September 22, 2015 By Correspondent

Tracey Wise, London, UK, SSH Blog Correspondent

Safe Gigs for Women logoIt’s 1991, and Courtney Love, performing with ‘Hole,’ stage dives in Glasgow.  It’s 1991 and Love stage dives and is violated by the crowd. It’s 1991 and I am 10.

It’s 2015 and Iggy Azalea gives an interview saying she had to stop crowd surfing because “Fans think it’s funny to finger her.” It’s 2015 and I am 34. In 24 years it appears nothing has changed.

Fandom, proper, all consuming fandom that devours your being and speaks to your soul, whether that be sport, cult TV or music, takes effort. My friends and I have repeatedly travelled the British Isles to see “one more gig” by that special artist – the ones that make life complete. Safe to say I don’t just like music, I am obsessed with it. So when the thing I love comes to represent something seedy, it breaks my heart.

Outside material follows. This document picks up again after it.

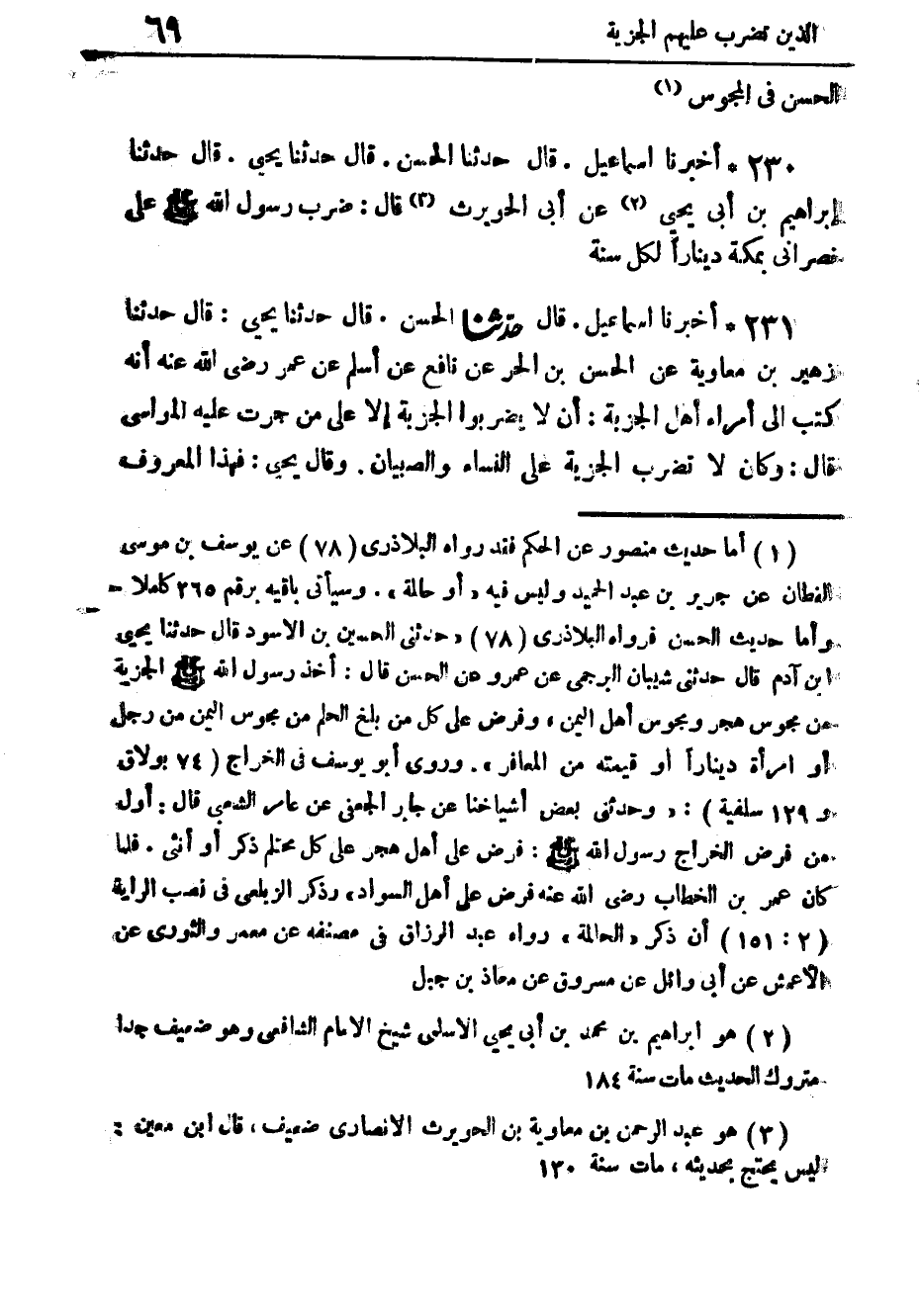 231 - أَخْبَرَنَا إِسْمَاعِيلُ، قَالَ: حَدَّثَنَا الْحَسَنُ، قَالَ: حَدَّثَنَا يَحْيَى، قَالَ: حَدَّثَنَا زُهَيْرُ بْنُ مُعَاوِيَةَ، عَنِ الْحَسَنِ بْنِ الْحُرِّ، عَنْ نَافِعٍ، عَنْ أَسْلَمَ، عَنْ عُمَرَ رَضِيَ اللَّهُ عَنْهُ، أَنَّهُ كَتَبَ إِلَى أُمَرَاءِ أَهْلِ الْجِزْيَةِ: " أَنْ §لَا يَضْرِبُوا الْجِزْيَةَ، إِلَّا عَلَى مَنْ جَرَتْ عَلَيْهِ الْمَوَاسِي "، قَالَ: " وَكَانَ لَا تُضْرَبُ الْجِزْيَةُ عَلَى النِّسَاءِ وَالصِّبْيَانِ ". وَقَالَ يَحْيَى: فَهَذَا الْمَعْرُوفُ -[70]- عِنْدَ أَصْحَابِنَا "

Over the years I have been doing that “one more gig” or spending some of the best days of my life in a muddy field, at a festival. I have more than my fair share of harassment stories. I have been groped on more than one occasion, cornered, cat called, told by a male security guard – someone employed with the purpose of keeping festival goers safe – that the theft of my tent was nothing to worry about because “I could always sleep in his tent”. So fast forward to June 2015, I’m watching my favourite band play a career-defining gig and I‘m groped again by a complete stranger, no small talk first or even an introduction. A two handed full on grab, passed off as acceptable because “it’s the last song.” I’ve now finally had enough.

A blog written in haste the next day provokes a huge response – women telling me similar stories, and worse. Stories telling of how worryingly common harassment is happening in the background of dark, sweaty, packed-in music crowds. Some women tell of multiple experiences. Some tell of how this has impacted their own behaviour, like choosing to not go on their own to gigs or even not going at all. The music obsessive in me hates this. How can the thing I love be reduced to this?

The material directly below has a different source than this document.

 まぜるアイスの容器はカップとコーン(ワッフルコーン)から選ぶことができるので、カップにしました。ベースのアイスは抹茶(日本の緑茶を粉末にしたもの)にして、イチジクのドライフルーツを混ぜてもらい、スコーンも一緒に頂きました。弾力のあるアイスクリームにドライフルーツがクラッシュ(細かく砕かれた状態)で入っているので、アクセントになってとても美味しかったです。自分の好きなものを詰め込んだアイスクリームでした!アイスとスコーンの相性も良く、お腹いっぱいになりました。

In response, I established the ‘Safe Gigs for Women’ Twitter account, as a way for women to share their stories in an anonymous way, in order to highlight the harassment being experienced by women at gigs. This has been picked up on by a local authority in London that is well known for its music scene. Together we will be looking at improving the gig going experience with venues, gig goers and bands, in order to ensure all people, male and female get to enjoy live music, for the enjoyable, beautiful thing that it is.

You can join us! Please find us at www.sgfw.org.uk.

Born and raised in London, Tracey is a graduate of City University. She has spent the best part of her life at gigs and festivals and obsessing about music and created the “Safe Gigs for Women” project.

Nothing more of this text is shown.